4.7 Gray-level co− occurrence matrix analyses

To analyze the visual strength of proposed algorithm, gray-level co− occurrence matrix (GLCM) analyses exemplify homogeneity, contrast, and energy [53]. The homogeneity analysis for an image can be calculated using the following expression:

$${\text{Homogeneity}}=\sum\limits_{{i,j}} {\frac{{\rho \,(i,j)}}{{1+\left| {i - j} \right|}}} .$$

Homogeneity investigation accomplishes the closeness of distribution in GLCM to GLCM diagonally. Its range lies between 0 and 1, where 0 validates no variation and 1 validate large number of variation in image pixels.

The contrast analysis allows the observer to identify the object in the texture of an image and defined as follows:

$${\text{Contrast}}=\sum\limits_{{i,j}} {\,{{\left| {i - j} \right|}^2}\rho \,(i,j)} .$$

The rage of contrast lies between 0 and \({({\text{size}}({\text{image}}) - 1)^2}\). The constant image has 0 contrast and greater the contrast value illustrates the large number of variations in the image’s pixels.

The energy exploration proceeds the sum of squared elements in GLCM and it is expressed as follows:

$${\text{Contrast}}=\sum\limits_{{i,j}} {\,\rho \,{{(i,j)}^2}} .$$

Its range lies between 0 and 1 and the constant image has 1 energy. Table 10 exhibits the GLCM analyses for enciphered images.

Table 10 Gray-level co- occurrence matrix analyses

The corresponding homogeneity values for enciphered images are very close to 1 and contrast values are sufficiently large, which demonstrates the large number of variations in image pixels. The energy values for enciphered images approach 0, which proves that the image is not constant.

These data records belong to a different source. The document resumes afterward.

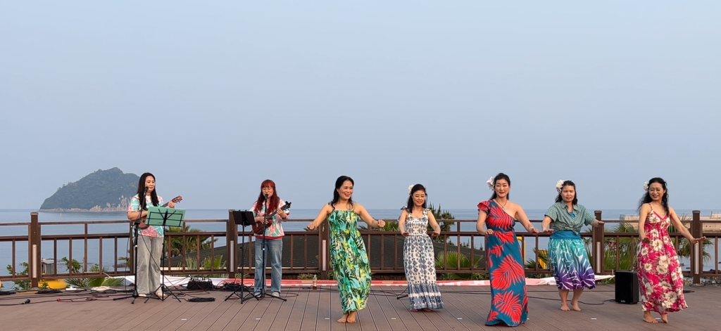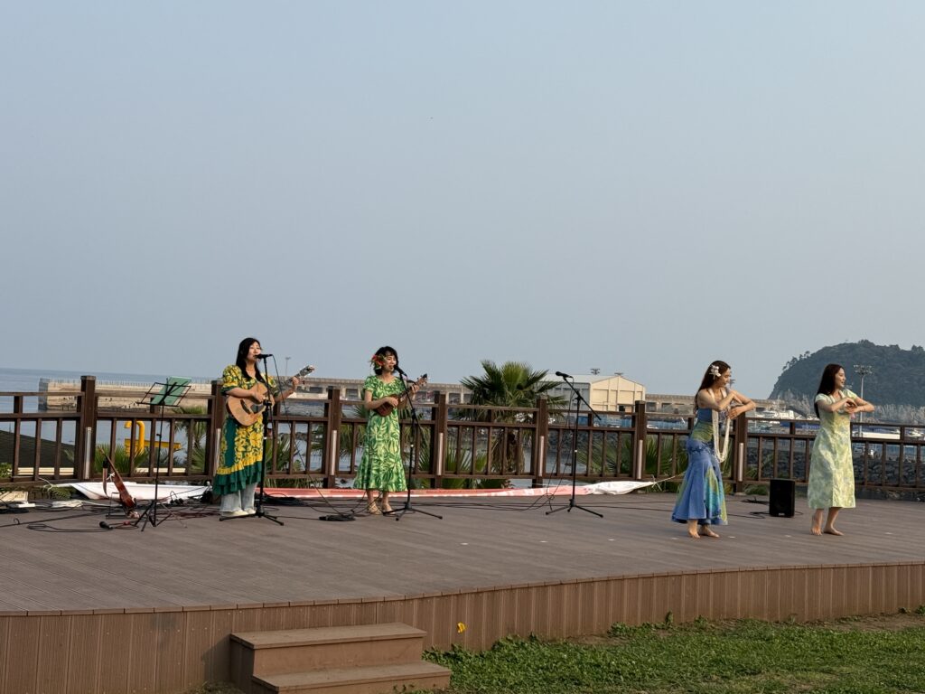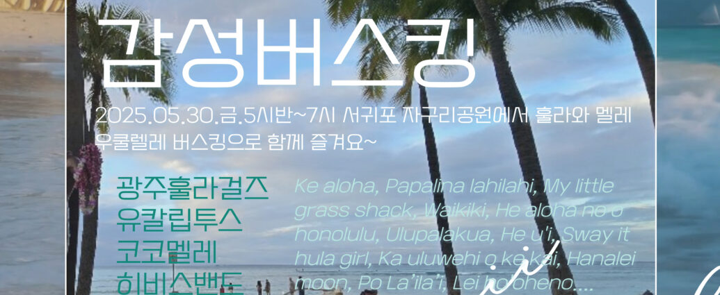 알로하제주페스티벌을 위해 전날 미리 제주에 도착한 팀들중 일부 팀들이 연합하여 서귀포감성버스킹을 진행하였다. 5월30일 금요일 오후5시반부터 7시까지 서귀포 자구리공원 무대에서 훌라와 멜레, 우쿨렐레 버스킹으로 진행하였다. 광주훌라걸즈, 유칼립투스, 코코멜레, 히비스밴드, 규규 가 함께 참여한 공연에서주로 멜레와 훌라곡으로 진행되었다. Ke aloha, Papalina lahilahi, My little grass shack, Waikiki, He aloha noo honolulu, Ulupapakua, Sway it hula girl, Ka uluwehi o ke kai, Hanalei moon, Po lailai, Lei hoo heno 등 여러 곡들이 연주되었고 훌라와 함께 진행되었다.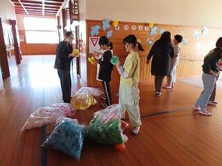 全校レクレーションの様子です。ボーリングにしゃんけん、くじをひいたひらがな1文字から2文字から5文字の単語を制限時間内に見つける言葉遊び、10個の絵の暗記、ジェスチャー、大縄の遊びはどれも楽しかったようです。優勝チームは455点でA-2チーム、2位は417点でD-1チーム、3位は403点でA-2チームでした!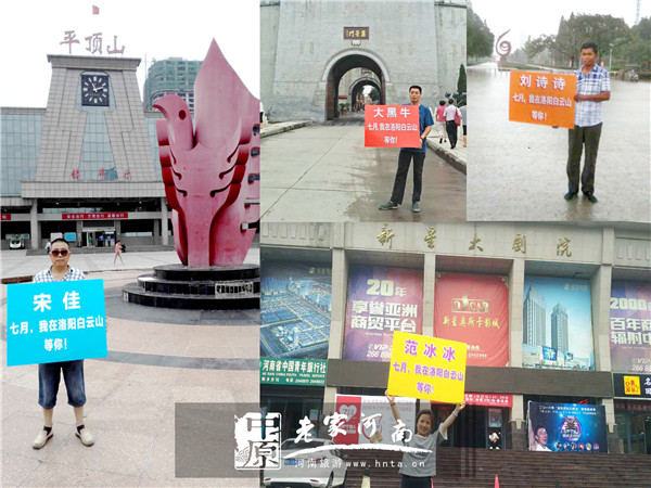 近日,河南連降暴雨,卻出現(xiàn)一批神秘舉牌人,高舉書寫明星名字的牌子在河南十八地市標志性建筑拍照合影,例如在開封大梁門前高舉“范冰冰,七月我在白云山等你”字樣的牌子。詢問得知,原來在7月21日,Rebecca2017趨勢發(fā)布將在“中原山水,斯為最盛”的洛陽白云山森林氧吧華麗上演。屆時李宇春、張雨綺、劉詩詩、吉克雋逸、郭曉婷等國內(nèi)一線明星匯聚于此。為了讓自己喜愛的明星感受到我河南人民的熱情,粉絲們決定在河南十八地市全城聯(lián)動共同舉牌為偶像搖旗助威。讓我們跟著粉絲們的牌子,找找哪個是你所在的城市,你又是哪個明星的粉絲。

4.8 Time sensitivity analyses

The anticipated scheme in this article is very much effective than already existing techniques, because it uses minimum resources and least computation cost. To analyze the computational complication, we compare time complexity with the existing techniques in Table 11. The table demonstrates the time taken during encryption of plain images. Decryption time is almost equal to encryption time. The projected technique in Table 11 has less computational complexity than already existing approaches.

Table 11 Encryption execution time in seconds

5 Conclusion

We have designed a new scheme based on quantum spinning to provide the security to digital contents. We consumed the half-spin phenomenon to add the confusion and diffusion abilities in our proposed structure. Cracking of keys and messages is not possible without knowledge of phase and entangled matrices. Due to half spinning, there are infinite points which lie between \(- {720^ \circ }\) and \({720^ \circ }\), while possible combinations of spin matrices are 4!. By utilizing the statistical analyses, our proposed technique is appropriate for real-time applications due to small processing time and superior performance than the existing schemes.